* _YOUR GOAL_
The required result is every line of the records that includes "center".

Extracted records

· · · ·

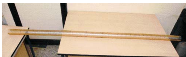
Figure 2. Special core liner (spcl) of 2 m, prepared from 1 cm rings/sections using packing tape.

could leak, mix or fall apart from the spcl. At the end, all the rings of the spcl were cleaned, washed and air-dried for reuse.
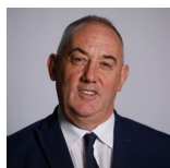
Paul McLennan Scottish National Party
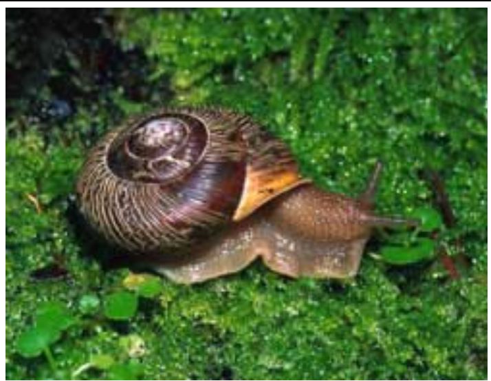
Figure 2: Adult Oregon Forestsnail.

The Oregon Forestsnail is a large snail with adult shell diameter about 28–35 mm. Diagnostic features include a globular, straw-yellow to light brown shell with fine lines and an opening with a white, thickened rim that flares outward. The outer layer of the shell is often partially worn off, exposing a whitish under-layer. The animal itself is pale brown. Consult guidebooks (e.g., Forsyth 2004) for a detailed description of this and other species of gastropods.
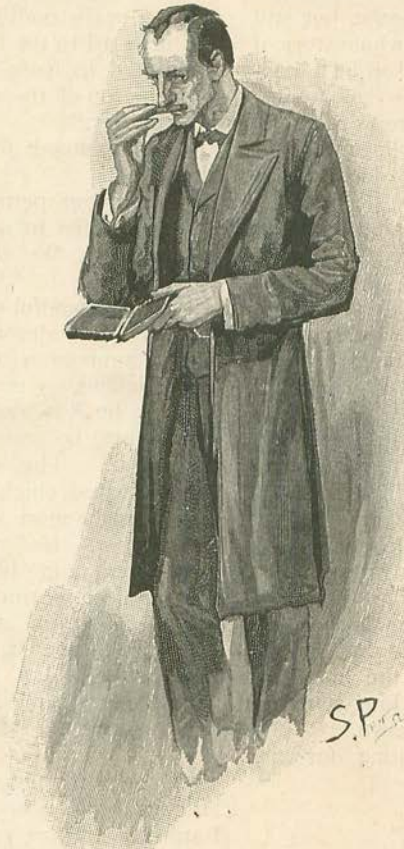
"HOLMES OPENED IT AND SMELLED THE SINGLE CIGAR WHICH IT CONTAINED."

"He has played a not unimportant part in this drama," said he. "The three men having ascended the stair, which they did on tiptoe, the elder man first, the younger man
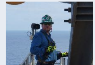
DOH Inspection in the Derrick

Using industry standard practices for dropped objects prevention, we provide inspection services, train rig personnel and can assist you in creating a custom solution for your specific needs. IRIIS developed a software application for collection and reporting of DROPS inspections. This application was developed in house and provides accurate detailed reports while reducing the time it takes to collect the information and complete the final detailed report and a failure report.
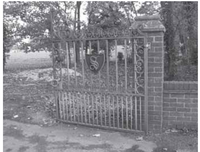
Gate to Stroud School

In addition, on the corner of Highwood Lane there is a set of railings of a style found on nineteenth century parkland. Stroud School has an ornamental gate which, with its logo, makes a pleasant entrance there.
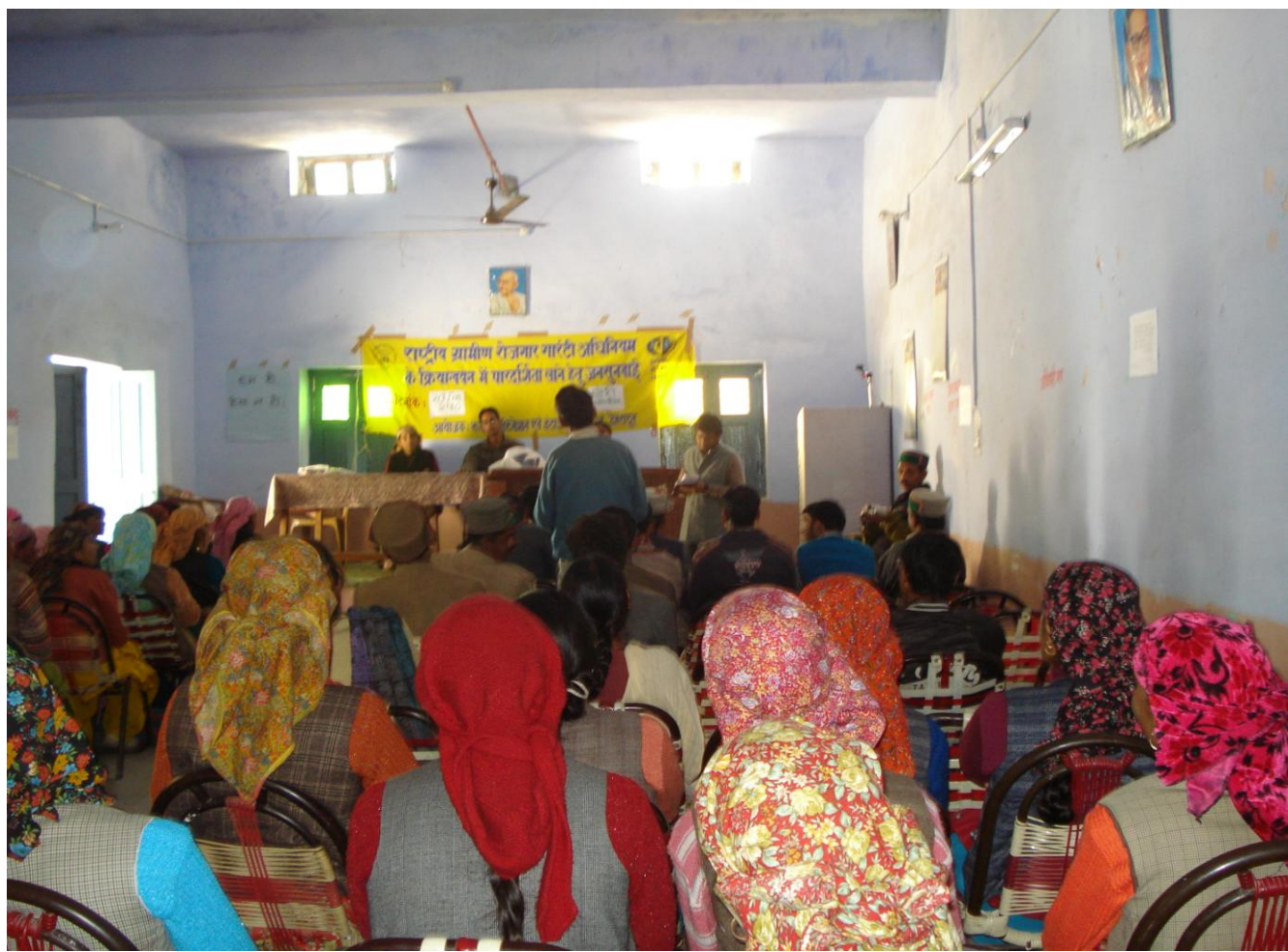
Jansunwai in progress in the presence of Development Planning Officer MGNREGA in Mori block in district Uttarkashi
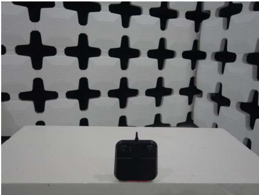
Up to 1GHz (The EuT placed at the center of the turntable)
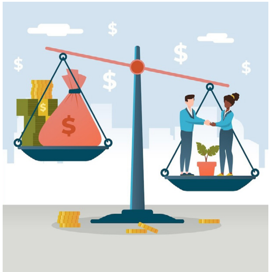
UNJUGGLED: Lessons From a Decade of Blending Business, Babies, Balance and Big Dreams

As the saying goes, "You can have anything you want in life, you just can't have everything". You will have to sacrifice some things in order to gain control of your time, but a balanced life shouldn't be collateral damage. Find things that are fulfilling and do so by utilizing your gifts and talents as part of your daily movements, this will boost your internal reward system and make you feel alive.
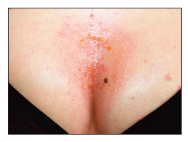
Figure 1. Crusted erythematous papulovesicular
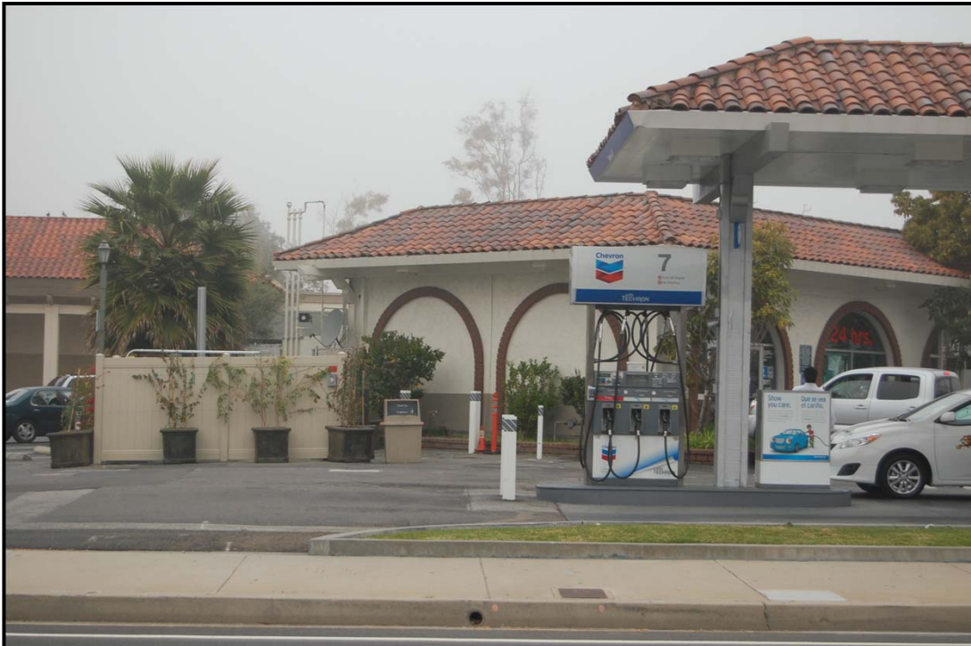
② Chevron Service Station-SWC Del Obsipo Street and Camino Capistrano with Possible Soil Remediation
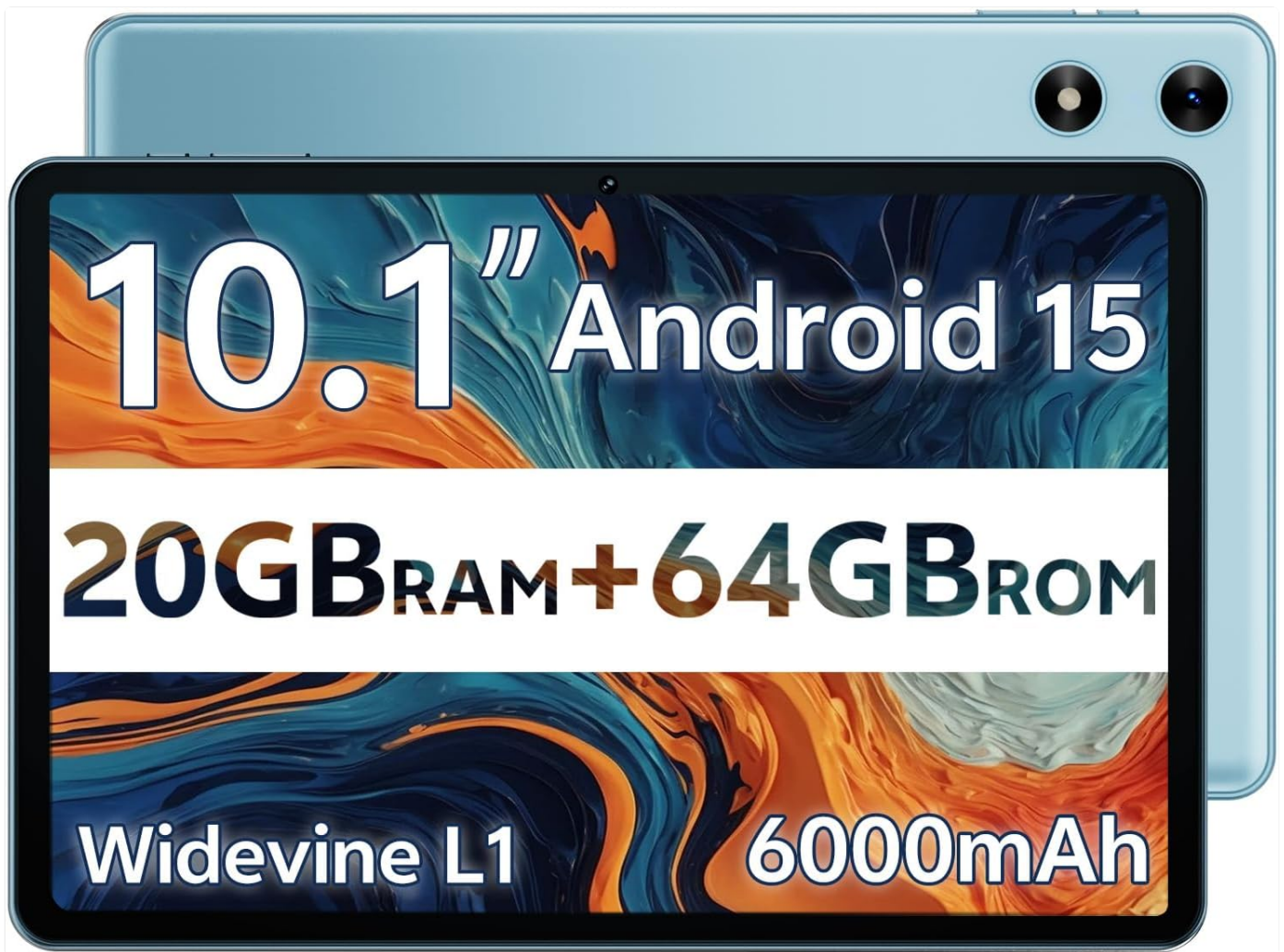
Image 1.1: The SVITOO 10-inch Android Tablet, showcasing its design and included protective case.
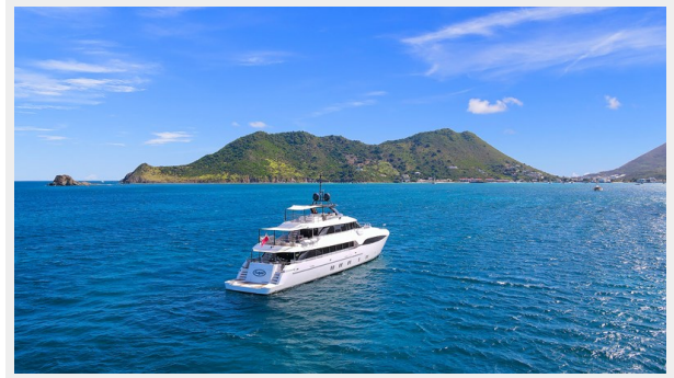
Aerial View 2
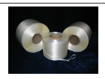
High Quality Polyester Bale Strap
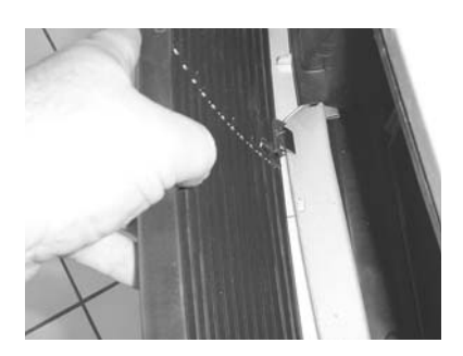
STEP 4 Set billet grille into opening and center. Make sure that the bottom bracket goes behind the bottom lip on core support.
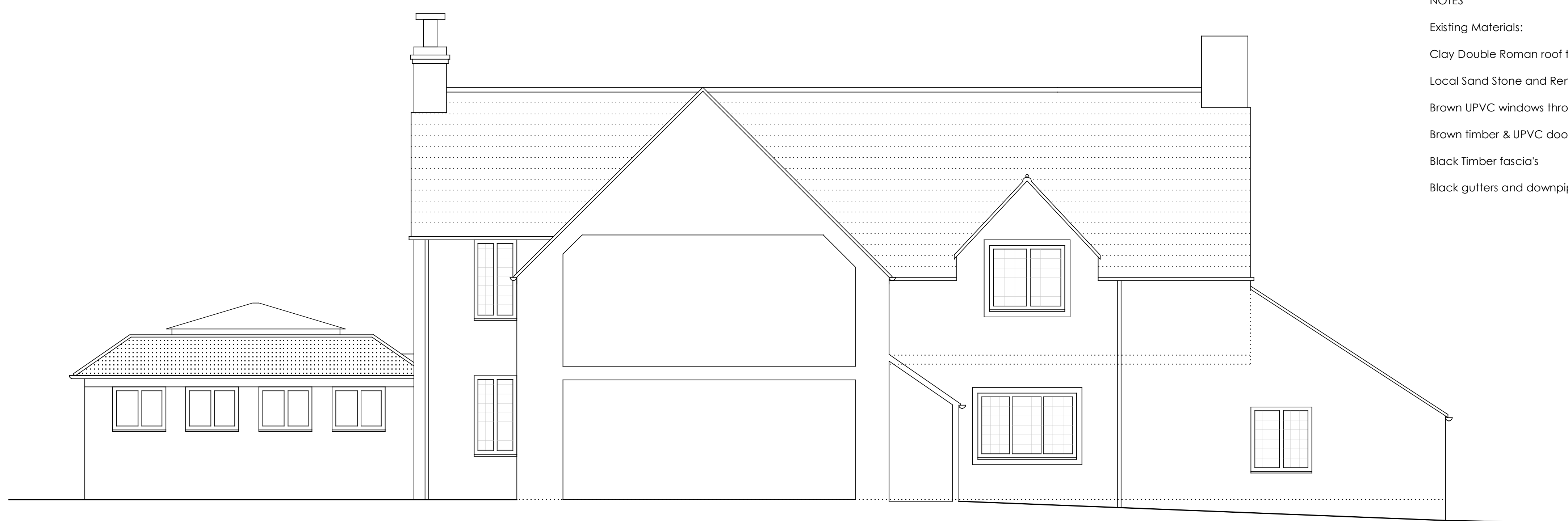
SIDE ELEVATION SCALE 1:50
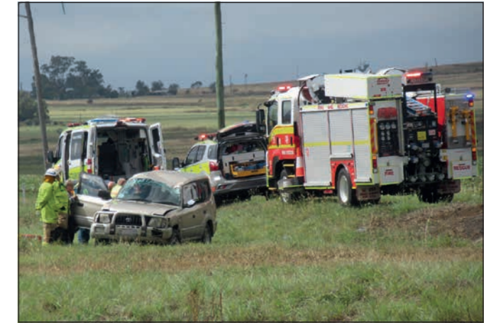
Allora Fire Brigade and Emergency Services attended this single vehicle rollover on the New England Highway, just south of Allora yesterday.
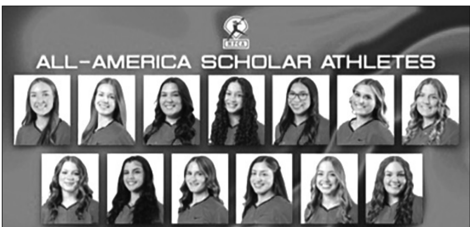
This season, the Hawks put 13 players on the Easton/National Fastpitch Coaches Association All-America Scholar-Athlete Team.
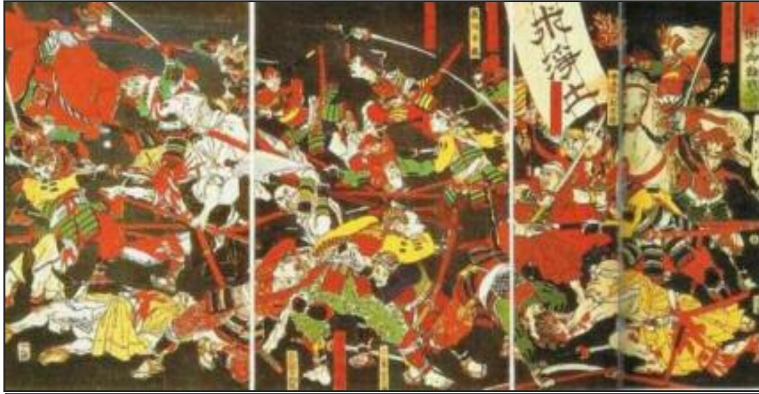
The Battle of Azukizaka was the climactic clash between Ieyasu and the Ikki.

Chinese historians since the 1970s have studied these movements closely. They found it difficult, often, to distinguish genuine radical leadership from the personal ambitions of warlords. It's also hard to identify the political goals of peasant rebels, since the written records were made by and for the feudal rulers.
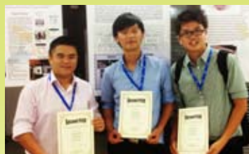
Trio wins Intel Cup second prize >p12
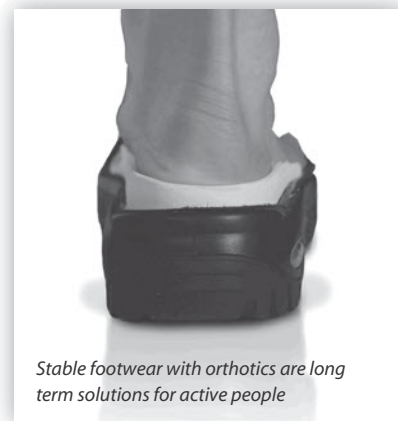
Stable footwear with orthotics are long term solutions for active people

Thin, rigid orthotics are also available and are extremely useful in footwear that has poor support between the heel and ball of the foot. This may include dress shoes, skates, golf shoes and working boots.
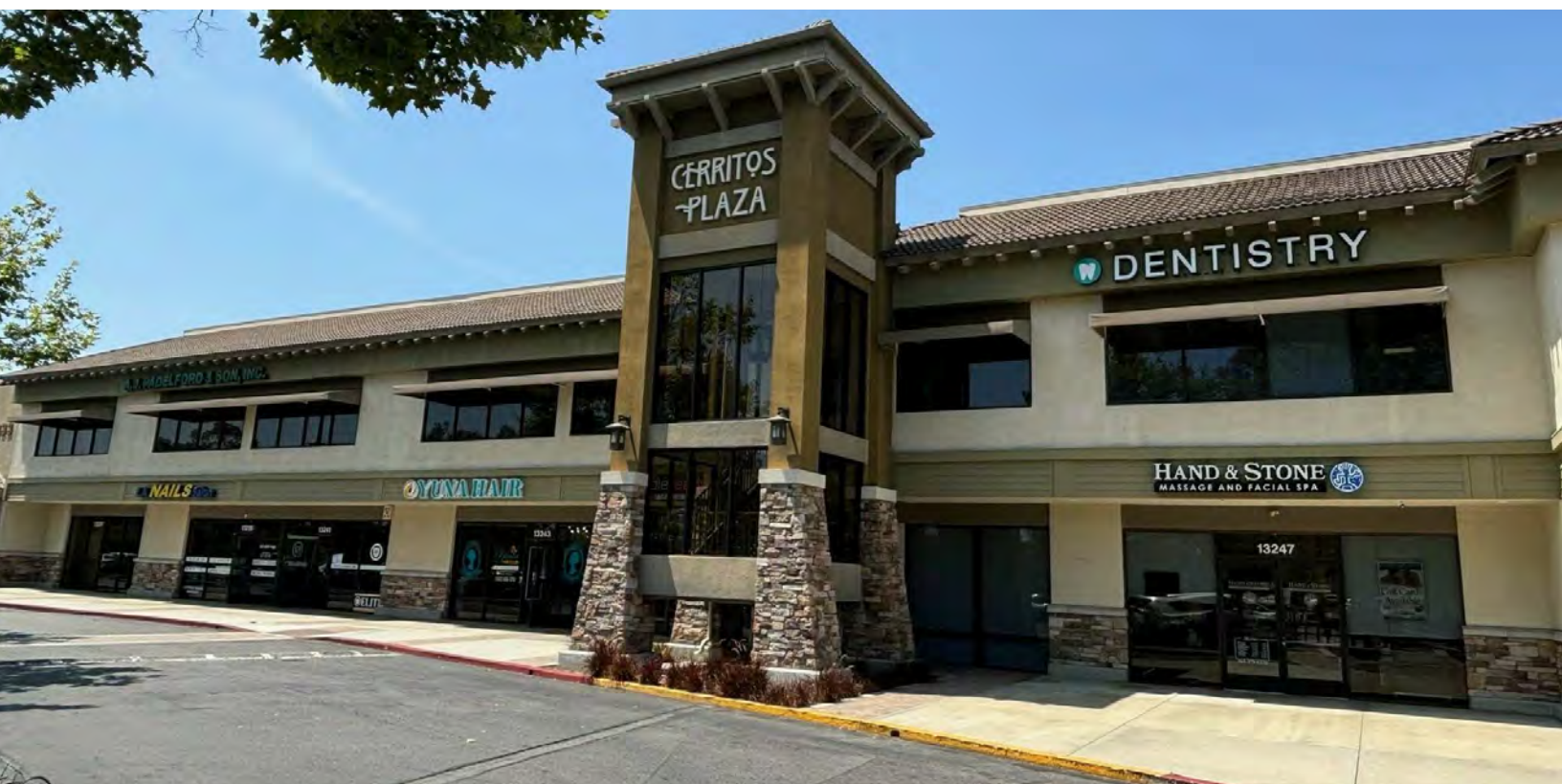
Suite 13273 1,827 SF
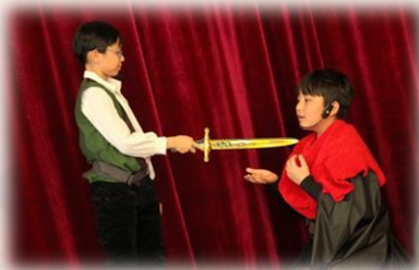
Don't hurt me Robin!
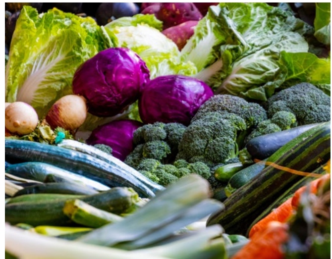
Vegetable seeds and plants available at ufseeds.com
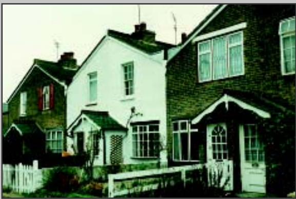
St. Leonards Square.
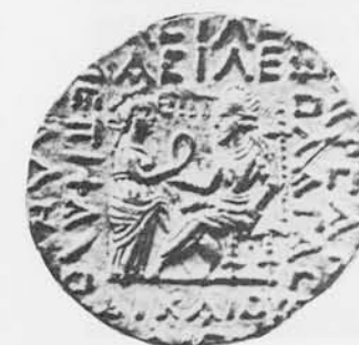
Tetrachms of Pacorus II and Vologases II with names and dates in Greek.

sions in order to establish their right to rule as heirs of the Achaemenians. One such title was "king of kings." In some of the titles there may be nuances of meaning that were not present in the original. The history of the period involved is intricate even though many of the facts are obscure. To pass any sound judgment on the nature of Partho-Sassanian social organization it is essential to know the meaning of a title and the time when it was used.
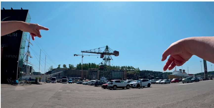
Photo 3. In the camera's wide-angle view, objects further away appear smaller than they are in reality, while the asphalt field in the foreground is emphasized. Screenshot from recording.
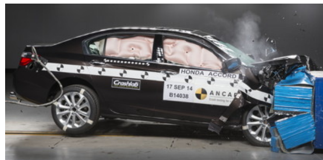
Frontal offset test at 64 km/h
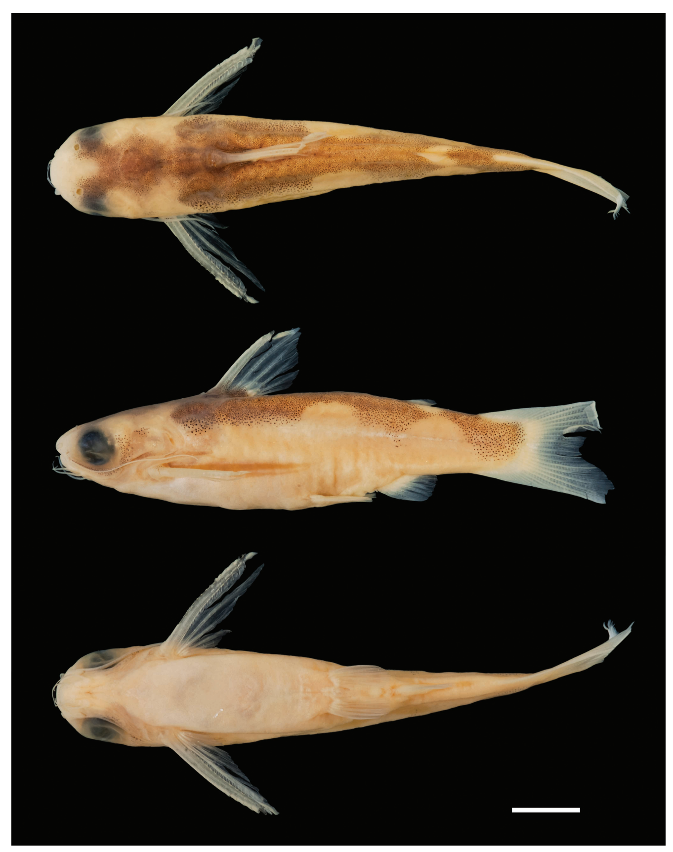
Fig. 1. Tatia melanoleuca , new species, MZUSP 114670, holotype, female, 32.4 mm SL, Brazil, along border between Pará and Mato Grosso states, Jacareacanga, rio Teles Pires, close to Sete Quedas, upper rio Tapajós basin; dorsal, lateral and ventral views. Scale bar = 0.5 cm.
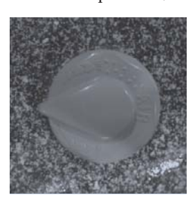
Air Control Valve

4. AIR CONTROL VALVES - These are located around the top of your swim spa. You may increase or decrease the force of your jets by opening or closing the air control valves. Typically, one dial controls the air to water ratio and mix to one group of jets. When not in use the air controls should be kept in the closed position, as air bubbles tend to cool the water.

· · · ·

* _SOLUTION FOR THIS TASK_
Up to 1GHz (The EuT placed at the center of the turntable)
STEP 4 Set billet grille into opening and center. Make sure that the bottom bracket goes behind the bottom lip on core support.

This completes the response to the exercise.